Description of the task:
Pictures stay out. Everything else in the listing below gets written out exactly.

Data provided:
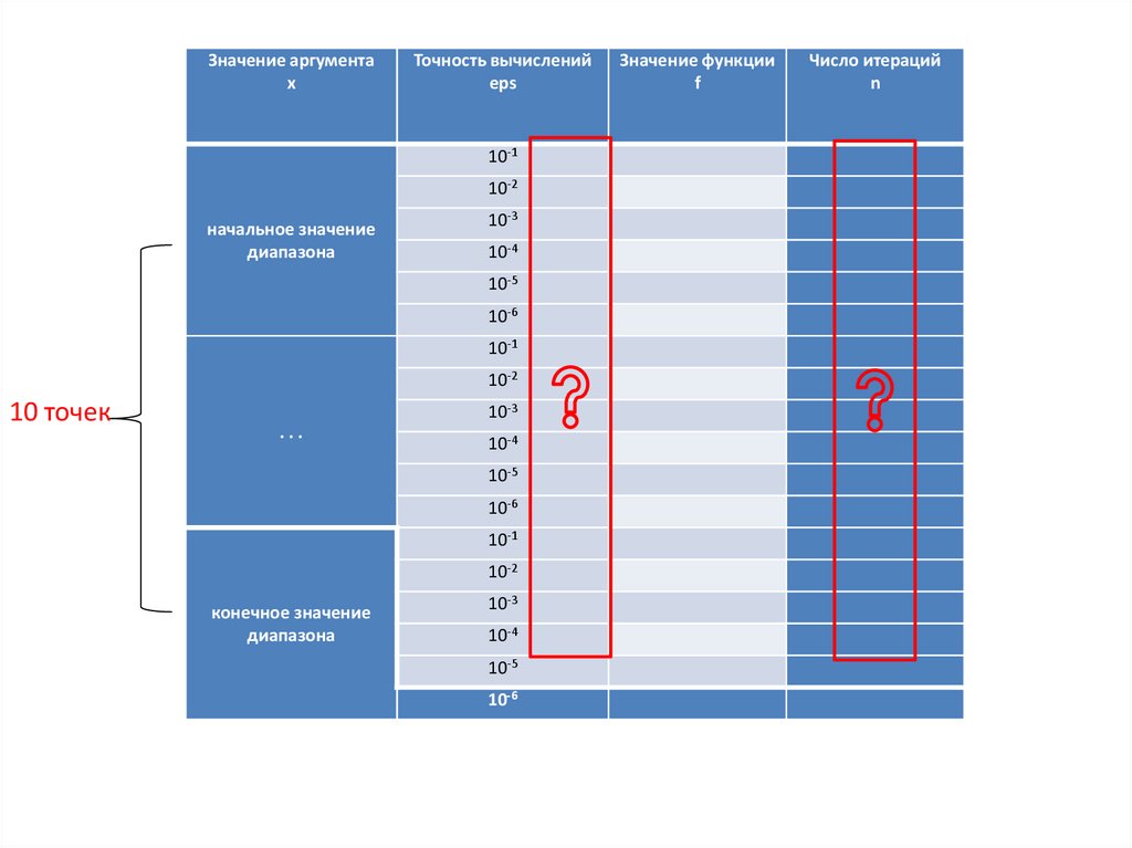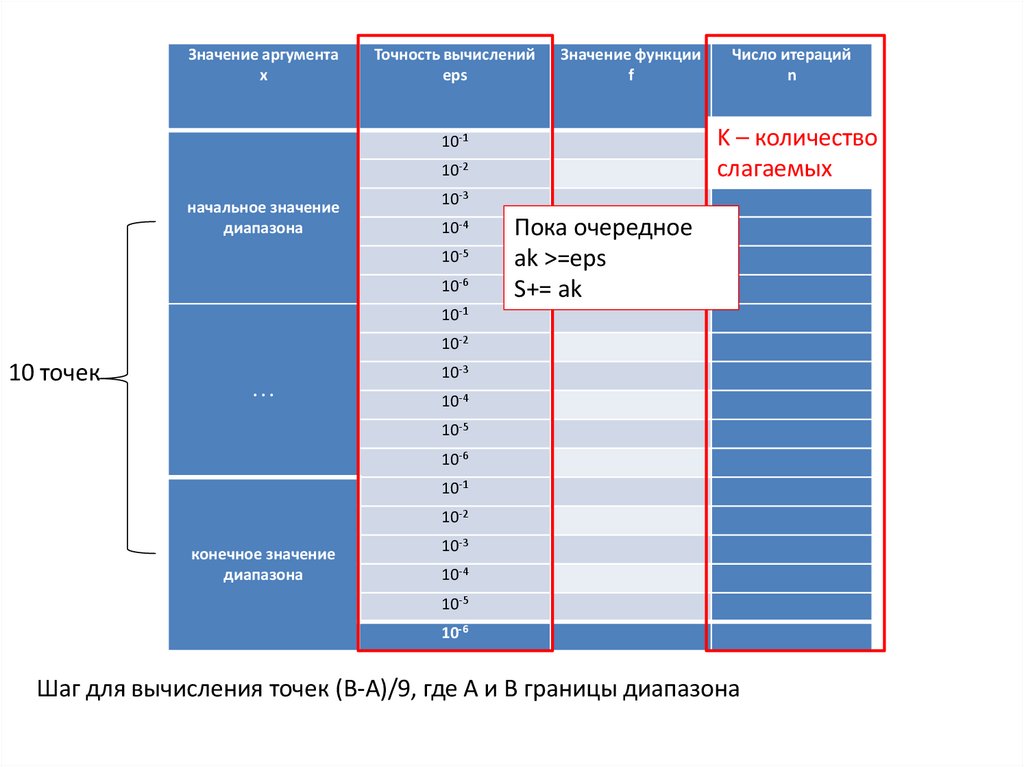 1) Цикл по 10 точкам:2) Начальные присвоения a1, k, S;
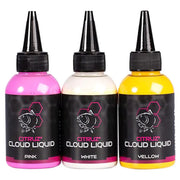 Use Cloud Liquids to boost mesh and solid PVA bags, sticks and hookbaits, their application is limitless. When takes dry up on zigs kick start the action again by soaking a pop up or piece of foam – the longer the better, to create a high attract visible flavour trail. 100ml bottles.
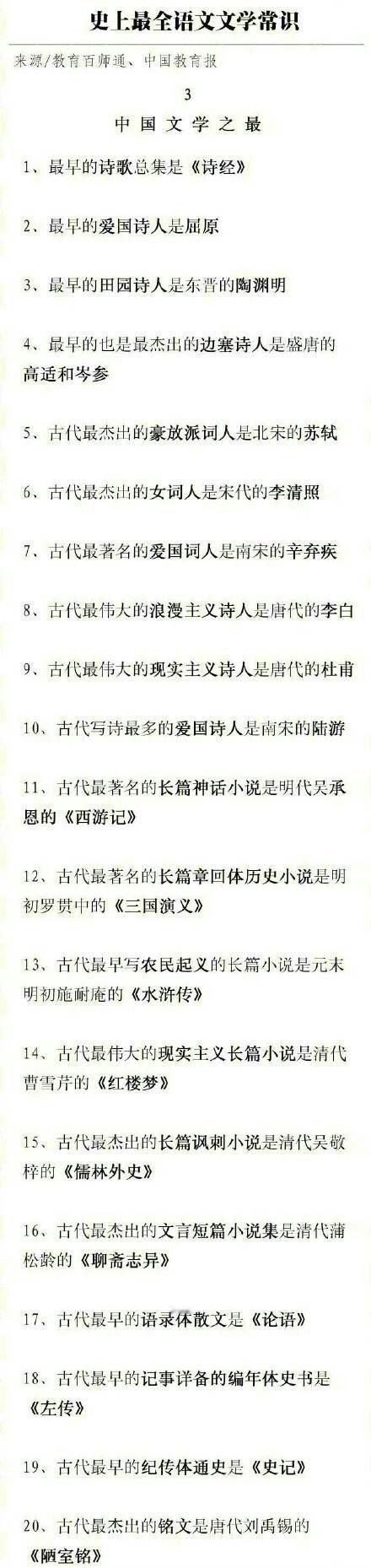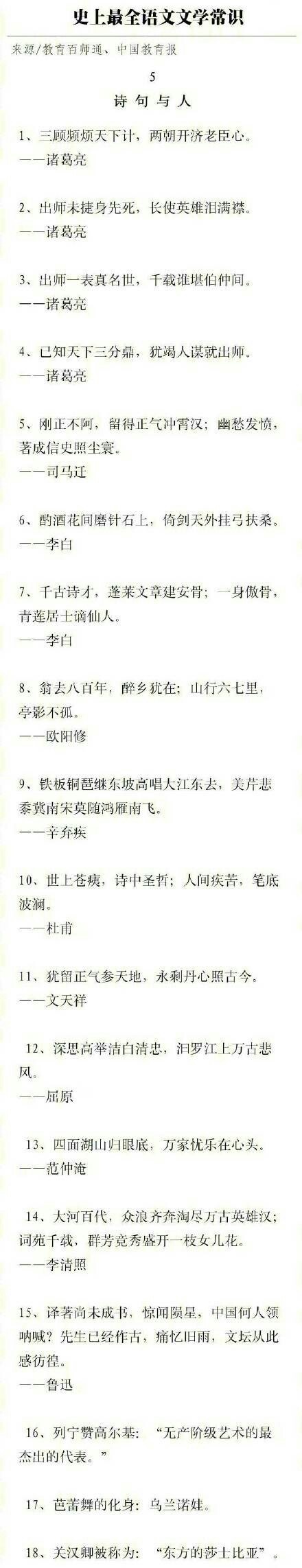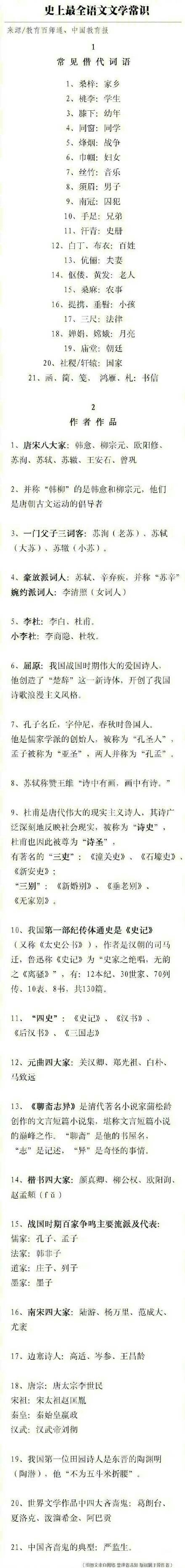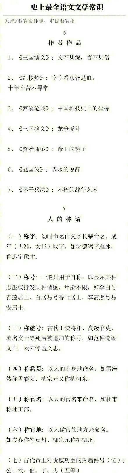 史上最全的语文文学常识长图,需要的童鞋们赶紧转发收藏吧。

Output below:
 1) Цикл по 10 точкам:2) Начальные присвоения a1, k, S;
 Use Cloud Liquids to boost mesh and solid PVA bags, sticks and hookbaits, their application is limitless. When takes dry up on zigs kick start the action again by soaking a pop up or piece of foam – the longer the better, to create a high attract visible flavour trail. 100ml bottles.
 史上最全的语文文学常识长图,需要的童鞋们赶紧转发收藏吧。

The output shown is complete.